_Description of the task_: Copy out the lines of the records below, and only those lines, from the one with "공개된 사진 속 레나는" through the one with "為了同時保證隱私和透明,張馳", exactly as they appear.

_Data supplied_:
========

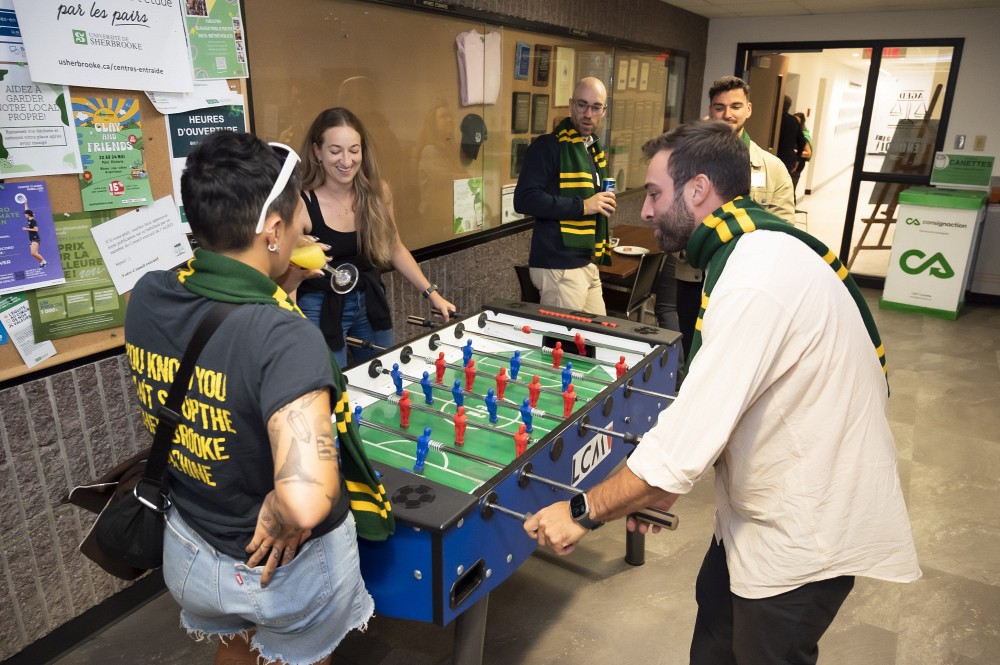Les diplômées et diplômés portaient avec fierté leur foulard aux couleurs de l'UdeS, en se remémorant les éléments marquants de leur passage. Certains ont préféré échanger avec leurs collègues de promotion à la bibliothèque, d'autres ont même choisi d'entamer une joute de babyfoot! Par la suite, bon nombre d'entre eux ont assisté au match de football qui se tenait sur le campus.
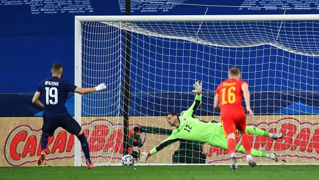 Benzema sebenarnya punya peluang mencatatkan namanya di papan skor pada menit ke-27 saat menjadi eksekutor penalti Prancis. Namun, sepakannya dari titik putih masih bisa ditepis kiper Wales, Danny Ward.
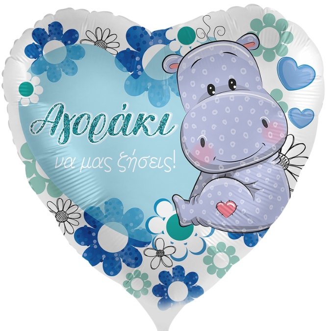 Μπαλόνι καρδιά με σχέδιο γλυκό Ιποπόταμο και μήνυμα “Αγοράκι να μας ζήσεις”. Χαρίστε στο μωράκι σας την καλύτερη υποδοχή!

========

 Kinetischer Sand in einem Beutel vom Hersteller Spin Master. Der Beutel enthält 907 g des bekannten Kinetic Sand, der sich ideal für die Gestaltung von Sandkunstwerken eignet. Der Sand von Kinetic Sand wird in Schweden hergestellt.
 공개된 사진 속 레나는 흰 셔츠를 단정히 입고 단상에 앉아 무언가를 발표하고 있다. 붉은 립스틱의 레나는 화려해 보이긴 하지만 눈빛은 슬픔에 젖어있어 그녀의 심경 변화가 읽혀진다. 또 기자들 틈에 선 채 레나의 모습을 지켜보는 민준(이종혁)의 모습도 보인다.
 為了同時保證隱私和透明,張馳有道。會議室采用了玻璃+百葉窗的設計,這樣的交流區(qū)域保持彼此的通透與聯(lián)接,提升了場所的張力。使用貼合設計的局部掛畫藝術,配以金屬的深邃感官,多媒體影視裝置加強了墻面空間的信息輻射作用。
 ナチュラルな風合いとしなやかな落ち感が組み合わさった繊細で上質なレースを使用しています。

========

_Answer to the problem_:
 공개된 사진 속 레나는 흰 셔츠를 단정히 입고 단상에 앉아 무언가를 발표하고 있다. 붉은 립스틱의 레나는 화려해 보이긴 하지만 눈빛은 슬픔에 젖어있어 그녀의 심경 변화가 읽혀진다. 또 기자들 틈에 선 채 레나의 모습을 지켜보는 민준(이종혁)의 모습도 보인다.
 為了同時保證隱私和透明,張馳有道。會議室采用了玻璃+百葉窗的設計,這樣的交流區(qū)域保持彼此的通透與聯(lián)接,提升了場所的張力。使用貼合設計的局部掛畫藝術,配以金屬的深邃感官,多媒體影視裝置加強了墻面空間的信息輻射作用。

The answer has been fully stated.